HW 5, due W 9/14. Read Sec 1.3 p.38-44; don't memorize Equations (3) and (4); you may not even use them for doing any problems (neither on HW nor on exams --- even though the author uses them in the posted solutions). So make sure you can do problems like 32 and 33 of Sec 1.3 without using Equations (3) and (4)! Do Sec 1.3: 9, 13, 18, 19, 25, 33, 35, 37, 45, 47, 48c.
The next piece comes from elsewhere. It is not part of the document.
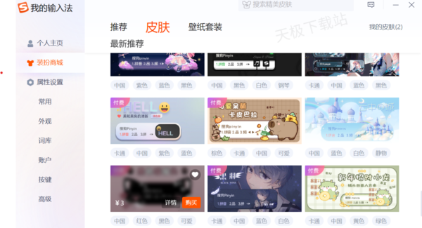 小编实际购买发现,基本上需要付费的皮肤价格在2-3块钱之间,而皮肤套装则在3-5块钱之间,皮肤套装相比皮肤多了一款电脑壁纸。这个价格对于一款输入法皮肤来说,说贵不贵,但也不算特别便宜,具体根据自身情况考虑。
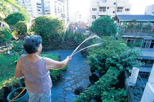 ヒートアイランド現象が起る都市部では、屋上に緑の庭を設けたり断熱ブロックを敷くことでかなりの省エネができる。

I believe in 48 there is a typo: it should say Exercise 47 instead of 43.
HW 4, due M 9/12. Read: Sec 1.3 p.34-38. Do Sec 1.3: 1, 5, 12, 16, 17, 21, 23, 32, 41.
HW 3, due F 9/9. Read Sec 1.2 p.27-28. Do Sec 1.2: 64-70, 72.
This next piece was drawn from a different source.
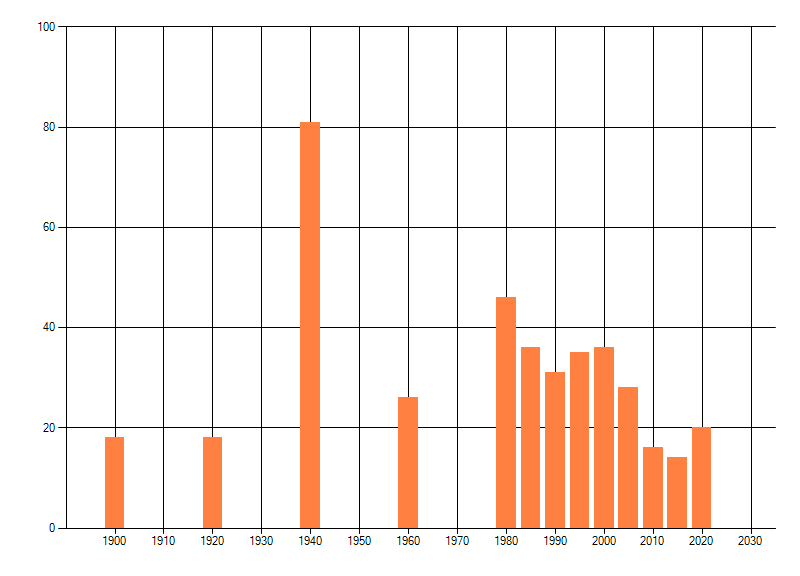 Het aantal atlasblokken (5x5 km) waarin de soort is gemeld binnen een periode van vijf jaar (vanaf 1980) of twintig jaar. Niet gecorrigeerd voor waarnemersinspanning en het aantal doorgegeven waarnemingen kan sterk variëren per periode, dus een trend in verspreiding kan hier niet direct uit worden afgelezen. Het opgegeven jaartal is het eerste jaar van de periode. Bron: gevalideerde waarnemingen uit de NDFF.

HW 2, due W 9/7. Read Sec 1.2 p.18-26. Do Sec 1.2: 9, 17, 18, 24, 31, 32, 38-40, 50-53, 59-61. Problems without the CAS symbol should be done by hand (no calculator).
HW 1, due F 9/2. Read Sec 1.1 (if you haven't seen this material before, it may take over an hour to read and understand the entire section). Do Sec 1.1: 1c, 2, 4d, 9, 13, 14, 18, 24e, 29, 54, 57a. (For some of the even problems that you feel unsure about, it may help to do a similar odd problem that appears just before or after it so you can compare your answer with the back of the book.)
Reminder: I am usually available for questions every day after class and in the afternoon. Professor Tollisen is also available: MTThF, 2-5pm, in Library 17 (that's 12 hours per week!).